If you want impact, he argues, industry is often the fastest path. PhD work may not always translate. AI labs mainly need infrastructure talent.
OpenAI: RL, Post-Training, and Culture
He defined RL simply: if you can build an environment and get feedback, that is RL.
Post-training did not have a clear name early on. He did more SFT first, then after building infrastructure they moved to RLHF. When GPT-3.5 first appeared internally, it did not seem game-changing; it solved some problems but not many. The original expectation was to collect user data, and then “it exploded.”
OpenAI felt like a large lab with strong research intuition. After engineers joined from Google, infrastructure iteration accelerated. The philosophy was to build the infra well first.

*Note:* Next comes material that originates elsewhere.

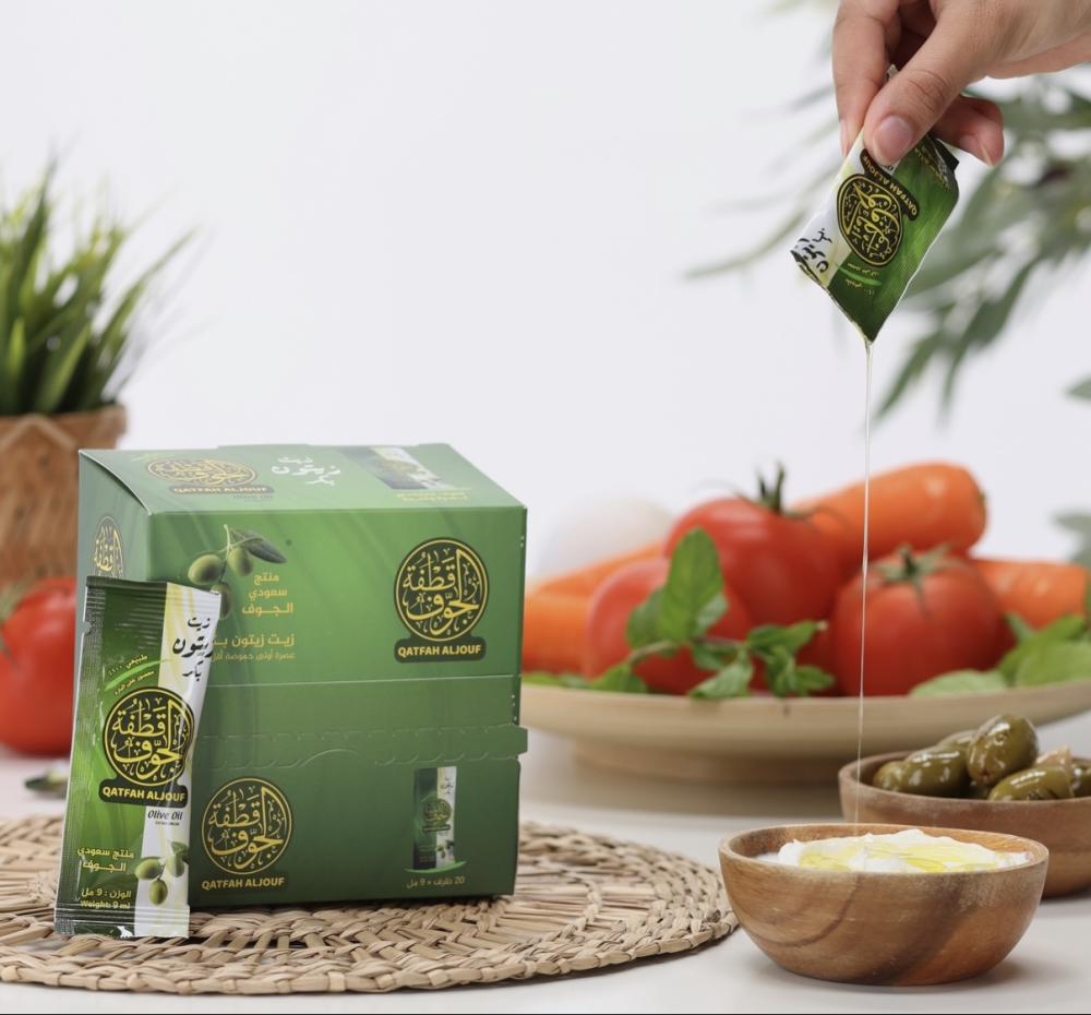 كرتون أظرف زيت زيتون بكر ممتاز يحتوي على 20 ظرف سهلة الاستخدام

Why OpenAI succeeded: high talent density. He wondered whether OpenAI could remain small and excellent, with simple org structure, smooth information flow, and low-loss decision-making up and down the hierarchy.
RL Infrastructure Challenges
He said the first big milestone was getting PPO for GPT-4 to work.
Key challenges in RL infra:
- How to measure whether performance is truly good
- How to avoid reward hacking
- How to win on benchmarks
In practice, the team still often has to inspect checkpoints manually and vote.
He compared traditional RL infra and large-language-model infra:
- Traditional RL infra: complex environments, small models
- LLM-scale RL: simple environments, huge models, slow inference and training
Future challenges remain around speed. A good RL infra engineer must understand RL, inference, and training. The workload is intense, six days a week, so health matters (he joked about “working out hard”).
He also mentioned that day-to-day work can be trivial; doing things correctly matters more than raw intelligence.
Looking 5–10 years ahead, he still sees room to scale up. Algorithms, compute, and infra all have room to improve, and infra likely still has bugs.
Main bottleneck: throughput. Fast bug fixing and fast iteration are critical. Agent RL and “normal” RL are not fundamentally different; the environment just becomes more complex.
On AGI, he said people joke that 15 people have 20 definitions in openAI. His own definition is: an AGI can complete 80% of the tasks he considers meaningful, which hasn’t been achieved yet.
OpenAI, Open Source, and Trade-offs
Host said OpenAI has become more closed, which seems to conflict with his goal of reducing information asymmetry. N+E viewed open source as a trade-off: companies must survive, so they cannot open-source their best models.
OpenAI’s mission is to make AGI benefit all of humanity. First you must build AGI, then you can deliver benefits through products (e.g., free model access). He argued this could help ordinary people more than open-sourcing model weights.
But AGI is still far away, host further raised the counterpoint: why not open-source the technical details and improve with community feedback? N+E responded that the risk is that others can use OpenAI’s models, close-source their own, and OpenAI can’t raise money.
If OpenAI had unlimited funding, he would open-source RL infra.
He said the biggest challenge for AGI is execution: consistent, stable execution and a stable organization. He hoped events like Sam’s firing would never happen again.
He believes healthy organizations should be resilient to talent outflow by maintaining a strong pipeline of new talent. External pressure matters; he only named DeepSeek because their infra cycle is fast. AI infra cycle time is a life-or-death metric for model companies. OpenAI has slowed down because the org is larger, handles more use cases, and consistency across teams has decreased.
Worldview
He described the world as a deterministic Markov process, a kind of fatalism: from the Big Bang, everything is predictable. Micro-level randomness, macro-level determinism. He concluded that the best choice is to forget all this and believe that Sisyphus is happy.